Role of Gypsum
The Role Of Gypsum In Agriculture: 5 Key Benefits You Should Know
Major Benefits of Gypsum
Here are five key (and overlapping) benefits of gypsum.
1. Source of calcium and sulfur for plant nutrition. Plants are becoming more deficient for sulfur and the soil is not supplying enough of it. Gypsum is an excellent source of sulfur for plant nutrition and improving crop yield, while calcium is essential for most nutrients to be absorbed by the plants roots and helps stimulate root growth. Without adequate calcium, uptake mechanisms would fail.
2. Improves acid soils and treats aluminum toxicity. One of gypsum's main advantages is its ability to reduce aluminum toxicity, which often accompanies soil acidity, particularly in subsoils. Gypsum can improve some acid soils even beyond what lime can do for them, which makes it possible to have deeper rooting with resulting benefits to the crops. Surface-applied gypsum leaches down to the subsoil and results in increased root growth.
3. Improves soil structure. Flocculation, or aggregation, is needed to give favorable soil structure for root growth, and air and water movement. Clay dispersion and collapse of structure at the soil-air interface is a major contributor to crust formation. Gypsum has been used for many years to improve aggregation and inhibit or overcome dispersion in sodic soils.

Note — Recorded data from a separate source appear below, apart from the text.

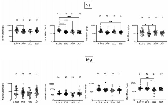 Figure 1. Na and Mg concentrations (µg/g) in blubber, kidney, liver, and muscle. Numbers above scatter dots represent the number of bottlenose dolphins with the metal/metalloid in their tissue. Total sample size: b. 2019 = 42; 2019 = 43; 2020 = 24; 2021 = 37. *, **, ***, **** difference between indicated groups at p < 0.05, 0.01, 0.001, or 0.0001, respectively.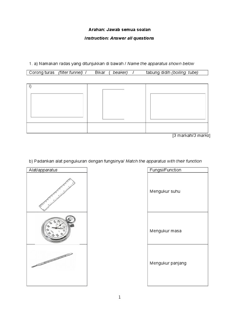 Soalan Peperiksaan Pertengahan Tahun Sains Tingkatan 1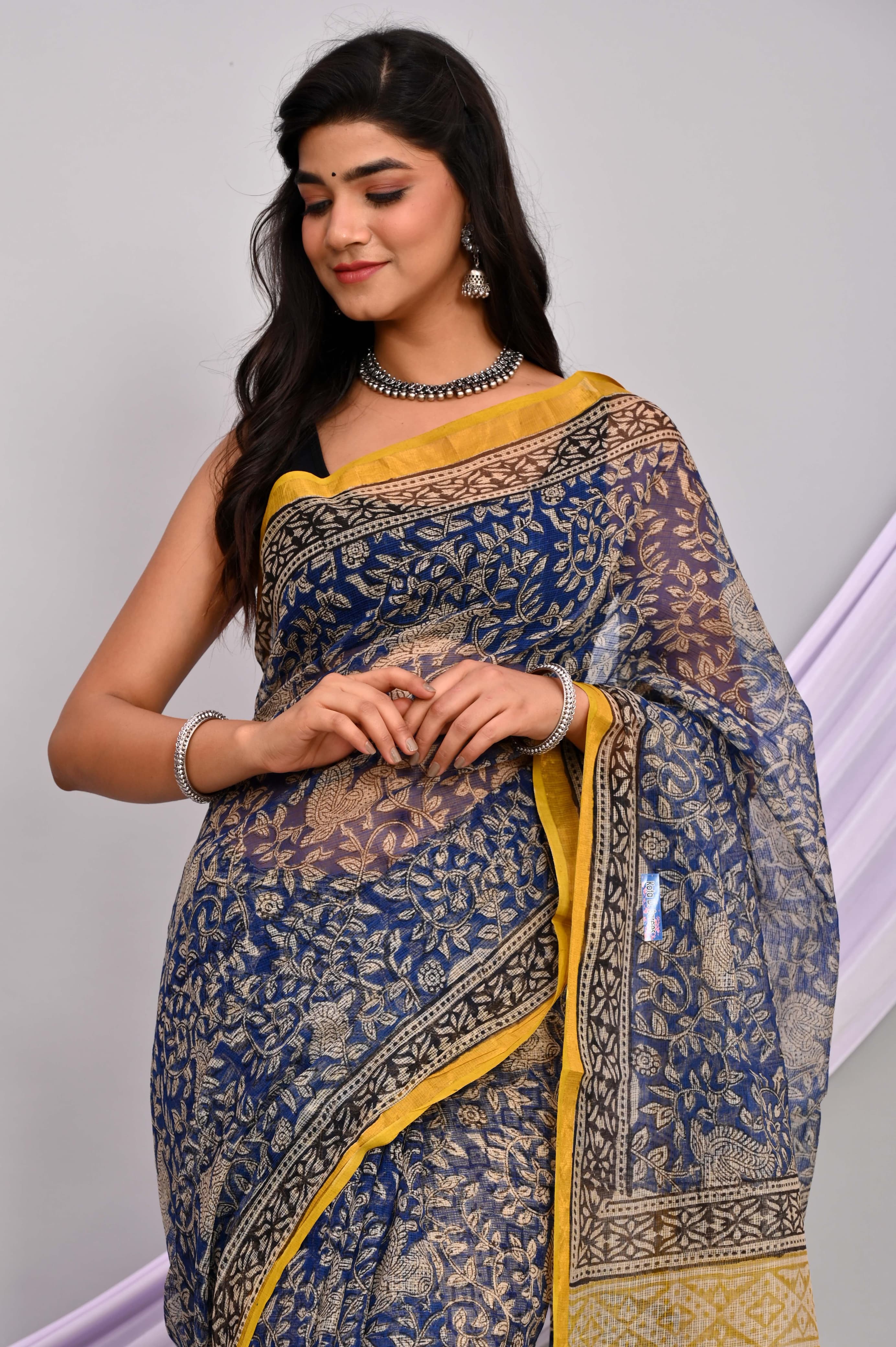 Grace meets craftsmanship in this stunning Royal Blue Kota Doria Saree, woven to perfection with intricate golden motifs and finished with an elegant yellow contrast zari border. This saree is a lightweight, breathable, and sheer delight that brings the richness of tradition into your modern wardrobe.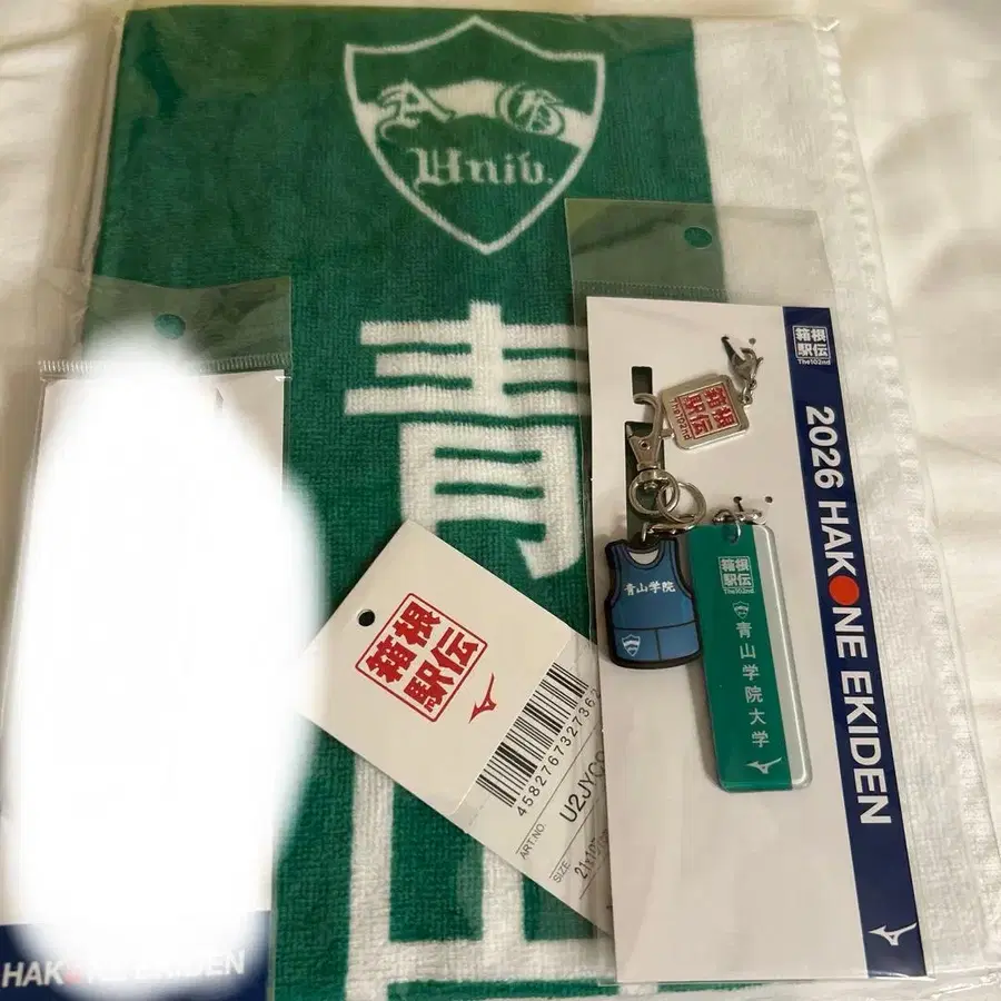 2026년 제102회 대회 하코네 역전 미즈노 오피셜 굿즈 아오야마 학원 대학의 타월과 키링 세트입니다. 미개봉 새상품입니다. 2026 농대 MIZUNO 미즈노 2026 102대회 유니폼 키링

Soluble calcium enhances soil aggregation and porosity to improve water infiltration. So, it's important to manage the calcium status of the soil. In soils having unfavorable calcium-magnesium ratios, gypsum can create a more favorable ratio. Adding soluble calcium can overcome the dispersion effects of magnesium or sodium ions and help promote flocculation and structure development in dispersed soils.
4. Improves water infiltration. Gypsum also improves the ability of soil to drain and not become waterlogged due to a combination of high sodium, swelling clay and excess water. When gypsum is applied to soil, it allows water to move into the soil and allow the crop to grow well.
Increase water-use efficiency of crops is extremely important during a drought. The key to helping crops survive a drought, is to capture all the water you can when it does rain. Better soil structure allows all the positive benefits of soil-water relations to occur and gypsum helps to create an support good soil structure properties.
5. Helps reduce runoff and erosion. Agriculture is considered to be one of the major contributors to water quality, with phosphorus runoff the biggest concern. Experts explained how gypsum helps to keep phosphorus and other nutrients form leaving farm fields. Gypsum should be considered as a Best Management Practice for reducing soluble phosphorus losses.